Moving forward

Well that pitch is terrible. I will put a better one up shortly.
The good news is that I’ve decided that only the first few paragraphs of chapter one needs to be rewritten instead of the whole chapter. I’ve moved on in the editing process and I’ll do the rewrite at some point. I have even cut sections out completely, despite my fear that if I prune too aggrssively, there won’t be any story left at all.

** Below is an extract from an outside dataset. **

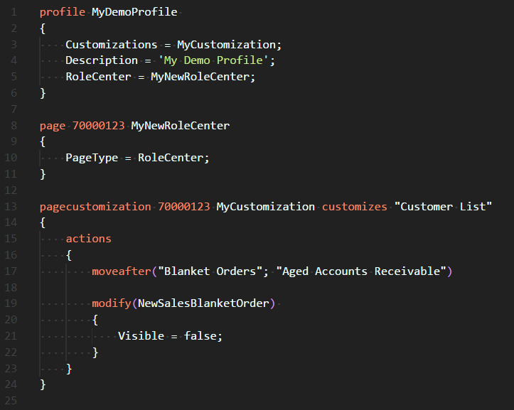• We announced the availability of tenant-specific profiles with our June update. We now offer new AL object types; Profile and Page Customization. These new objects let you define a set of pre-defined profiles and include them in your extension. The Page Customization object is very similar to a Page Extension object, but more restricted. As of now Page Customization can only include moving of controls and actions as well as setting Visiblity to true/false. It cannot contain variables, functions, or triggers.

I don’t have an Elevator Pitch…

And that is a problem, supposedly. Ignoring the unpalatable idea of shilling my book to every person I meet, there still is an actual need for a brief summary of the book that I can use to describe it to people.  So, I could try this:

Gwendolyn Sees Stars is about chosing to fight when you can’t win.  The main character, Charlie, is detached from his life, and he feels the people around him slipping away. He sleepwalks through his job as a social worker helping street kids, until a girl named Gwendolyn wakes him up. She’s about to become an adult by legal standards, and when she does Charlie will lose her to the adult world of jail, drugs and death. So, he decides to throw aside all of the ethical and legal restrictions and try to save her from herself, even if he loses everything in the process.

The Order of Editing

I’ve come to a decision that I need to re-write the entire first chapter of my book, Gwendolyn Sees Stars. But, do I need to stop right there and do no other editing until that rewrite is done, or can I move past it safely? It would probably make the most sense to just grind out a new chapter one and compare it to the old one to see which one really floats my boat.